A estatística que se tinha era a do Censo de 1970, defasado em dez anos. Foram usadas estatísticas do Instituto Brasileiro de Geografia e Estatística (IBGE), algumas informações esporádicas de sistemas estatísticos dos estados e uma ou outra informação escassa do próprio sistema de saúde. Portanto, não se tinham dados para estimar a população de cada município, ainda menos dos municípios novos, municípios de fronteira agrícola, muito pobres, e já desenvolvendo um processo migratório para as cidades maiores, que, na década de 1970, foi intensificado. Assim, a distribuição de uma quantidade enorme de pessoas não estava prevista nas estatísticas disponíveis.

Para contornar essa situação, que apontava para o risco de faltar vacinas em determinados lugares e sobrar em outros, foi estabelecido um estoque nacional em Brasília, na Central de Medicamentos, articulado com uma base no Aeroporto de Brasília, bem como em todos os aeroportos onde havia um delegado de saúde presente para, a qualquer problema, tomar a decisão necessária para resolvê-lo , cada estado com seu estoque e um sistema de viaturas para rapidamente transferir vacinas de um lugar para outro. Cada secretaria de saúde tinha um estoque de emergência e cada região tinha um estoque adicional para remanejamento, ou seja, trazer vacinas do lugar que estava sobrando para o lugar em que estava faltando, como também para abastecer, de imediato, aqueles focos de maior pressão de demanda, que ocorreram muito mais nas capitais e nas grandes cidades. Sobre isso, Mozart Lima discorre, ressaltando a dificuldade de comunicação numa época pré-Internet:

Então a gente tinha que suprir essas unidades nesse esquema, usando todos os meios disponíveis: aviãozinho, automóvel, caminhão, tudo, tudo que fosse possível [...]. Isso tudo feito com um sistema de telefonia ainda muito ruim, porque ainda não tinha Internet. Tivemos que colocar todo o sistema de telefonia à disposição do Ministério da Saúde, então era uma coisa muito importante, mas todo o Governo Federal estava harmonicamente condizente [...] um pedido de ligação telefônica do Ministério da Saúde tinha prioridade sobre todos. Naquela altura, você tinha que esperar horas, para falar com o município. E entrou aí uma rede significativa de instituições, como o Lions, o Rotary, [...] que fizeram também um papel de formiguinha, de comunicação. [...] A Associação Brasileira de Radioamadores colocou à disposição do Ministério, operando só para o Ministério nesse dia, com uma rede de comunicação fantástica20.

Mozart Lima prossegue no seu relato, emocionado, ao lembrar o primeiro dia nacional de vacinação:

Foi um dia realmente muito bonito na História da Saúde Pública.
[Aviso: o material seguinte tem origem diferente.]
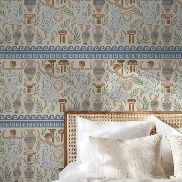 Tapeta Starogrčki ornament s figurama, vazama i stupovima br. a00768

Via-se multidões nas ruas, multidões, as famílias foram realmente [aos postos de vacinação] e uma dificuldade muito grande de você conter, de você conduzir um processo de eliminação de dificuldades no QG do Ministério da Saúde em Brasília. Quartel-General mesmo, quartel para você tomar decisões de modo absolutamente imediato. Decisão de alugar um avião, decisão de fazer uma solicitação às Forças Armadas, quer dizer, tudo isso era muito dramático20.
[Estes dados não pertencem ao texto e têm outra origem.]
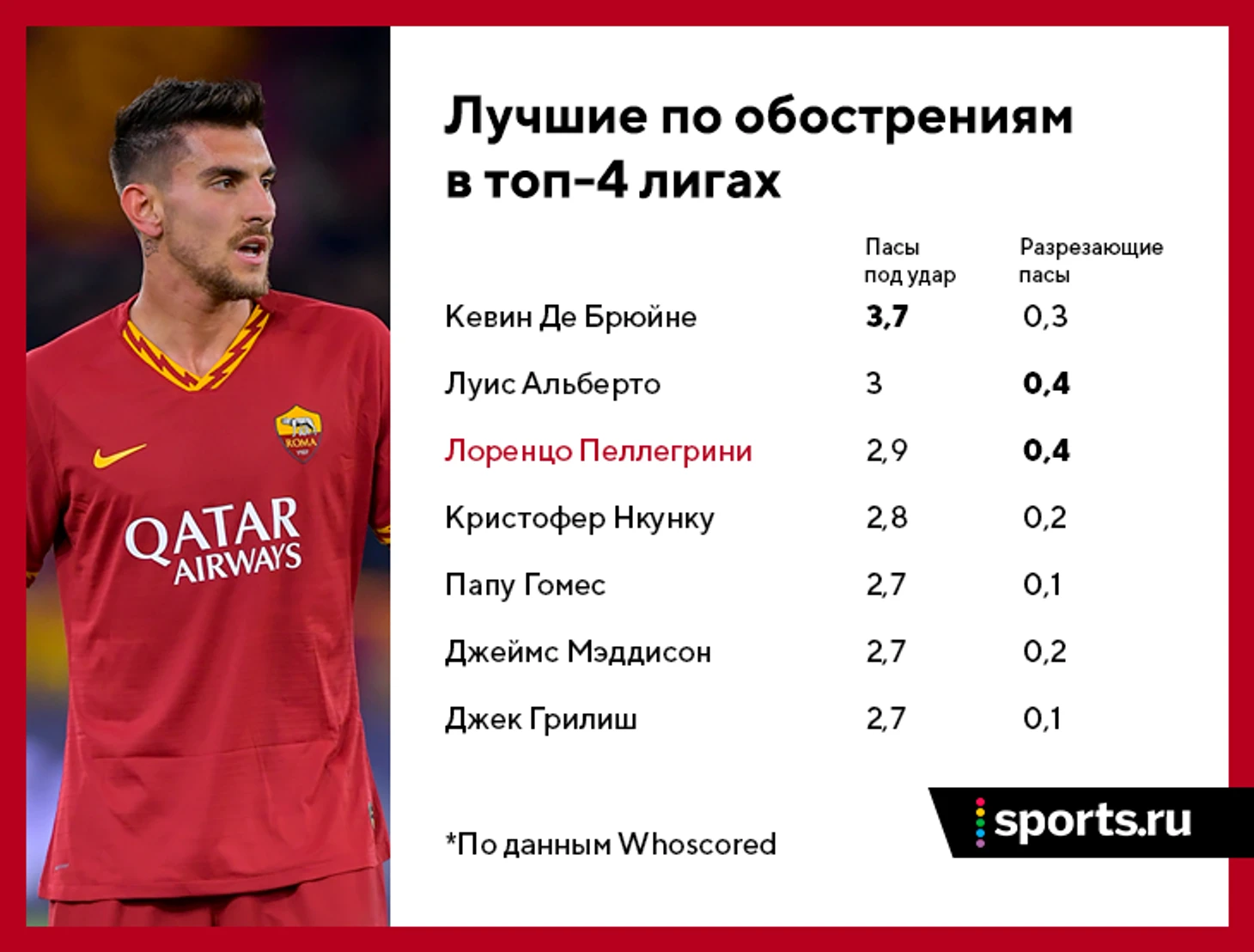 Трекварти дала Пеллегрини свободу интерпретации на всех уровнях – в движении, риске и выборе позиции. Римлянин сделал 10 голевых в 24 матчах во всех турнирах, отдает 0,44 ассиста за игру в Серии А – выше Недведа и Верона в их лучших сезонах, – и входит в европейский топ по количеству обострений. Он третий по пасам под удар и второй после Месси по разрезающим в топ-4 лигах.

Cristina Rocha também avalia positivamente os Dias Nacionais de Vacinação e assinala que renderam dividendos não só para a questão do controle da poliomielite mas também para a estruturação da Vigilância Epidemiológica, do Programa Nacional de Imunização, para a organização das equipes de saúde, para a prontidão das ações, para o trabalho com a comunidade, assim como para um aprimoramento do uso da mídia para as questões de saúde. Rocha, também emocionada, diz que viveu momentos de dúvida em relação ao projeto e que havia uma tensão muito grande, principalmente em face das resistências ao projeto. Ressalta que o grande ganho do projeto foi perceber que se pode trabalhar com a comunidade, que "a prestação de serviço não se dá só dentro das quatro paredes", que a comunidade respondeu muito positivamente. E acrescenta: "foi uma grande aprendizagem para a saúde pública"25.

Em consequência aos Dias Nacionais de Vacinação, houve uma acentuada redução do número de casos da doença, passando de 1.290 casos, em 1980, para 122, em 1981. No ano seguinte, observou-se o menor número de casos já registrados nacionalmente: 45 casos confirmados. A estratégia dos Dias Nacionais de Vacinação se repetiu a cada ano, e a cada ano os casos se aproximavam mais de zero.
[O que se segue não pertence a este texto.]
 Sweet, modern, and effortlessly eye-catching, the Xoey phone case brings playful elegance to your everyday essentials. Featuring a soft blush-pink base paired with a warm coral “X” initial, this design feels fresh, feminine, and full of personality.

O reconhecimento público dos Dias Nacionais de Vacinação consagrou definitivamente essa estratégia, que continua a ser implementada sistematicamente no Brasil. Em um processo de instabilidade política e descontinuidade administrativa que caracterizou, nessas duas décadas, o cenário institucional brasileiro com sérias repercussões para o setor saúde, essa estratégia pode ser considerada uma exceção. Adquiriu dimensão internacional ao ser recomendada pela Organização Pan-Americana da Saúde (Opas) como modelo, na ocasião da proposta de interrupção da transmissão do poliovírus selvagem na região das Américas.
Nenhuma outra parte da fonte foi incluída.